Prawn Rice Noodle Rolls
Recipe by Justine Schofield
Ingredients:
- 24 medium whole green prawns, shelled and deveined
- 3 spring onion stalks, finely chopped plus extra to garnish
- 12 rice paper sheets
- Fresh coriander, finely chopped, to serve
- Roasted peanuts, finely chopped, to serve
- Chilli oil, to serve (optional)
Sauce:
- 3 tbsp light soy sauce
- 2 tbsp dark soy sauce
- 1 tbsp pure sesame oil, extra for greasing
- 1 tsp fish sauce
- 2 tsp caster sugar
- 2 tbsp smooth peanut butter
Method
- Fill a wide shallow bowl with cool water and dip one rice paper sheet in at a time. Place rice paper on a damp tea towel and position a line of two prawns in the middle. Sprinkle with chopped spring onion. Working quickly, fold the bottom side over the prawns and roll upwards to close. Repeat.

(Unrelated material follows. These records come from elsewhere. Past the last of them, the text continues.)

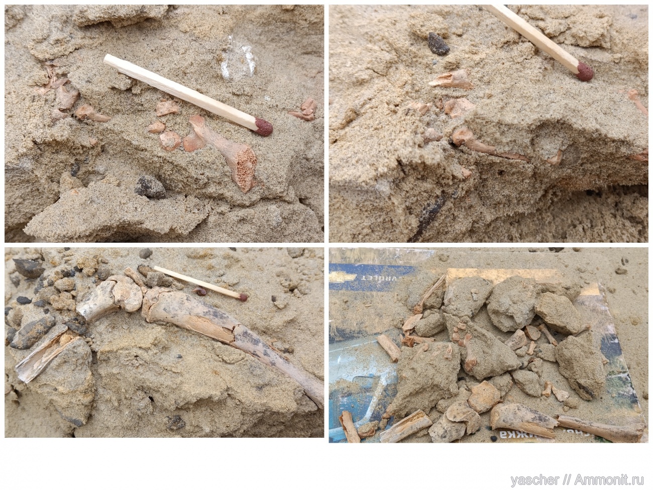 История печальная.Скелет обнаружился на самом краю карьера, в котором постоянно происходят какие то движения, любая осыпь или неосторожное движение могли уничтожить то, что осталось.Большая часть уже уехала видимо уже осенью, когда там работала техника, и скорее всего позвоночный столб, череп, стали частью дороги где - нибудь на просторах Тамбовщины.То, что мне удалось не угробить собрал в контейнер.Точный диагноз станет известен только после того, как все это добро попадет в руки профессионалов, а пока так.
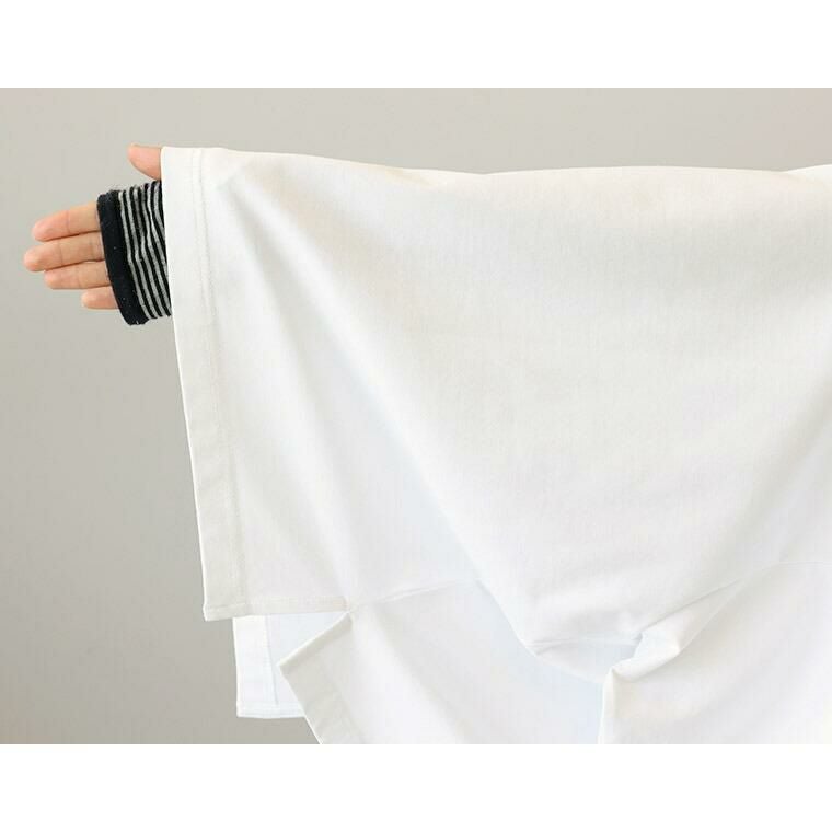 着丈はヒップの上くらい。袖丈は肘から1cm下。ベーシックなデザインでボトムを選ばず◎。生地には伸縮性がありサイズ感もゆったりしているので窮屈感は全くありません。袖が長めで二の腕カバーしてくれます。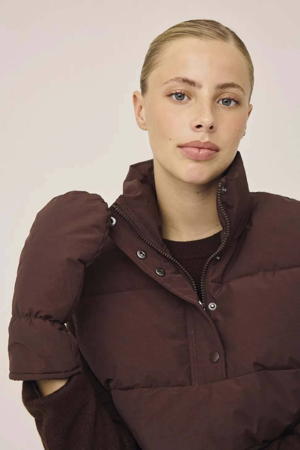 Vandtæt, vatteret halsedisse fra Magasin du Nord Collection i den lækreste kvalitet af 50% genanvendte fibre med GRS-certificering. Halsedissen er enkel i modellen med lynlåslukning og trykknapper på fronten samt bindebånd i siderne. En skøn halsedisse i en lækker kvalitet.

- Place 3 rolls onto an oiled plate that fits into a steamer basket and steam for 3-4 minutes. Repeat with the remaining rolls.
- For the sauce, mix together all the sauce ingredients. Add a bit of water to thin out if needed, tasting along the way for seasoning. Adjust the sauce as needed.
- Pour the sauce over the prawn rice noodle rolls, garnishing with remaining spring onion, coriander, roasted peanuts and chilli oil.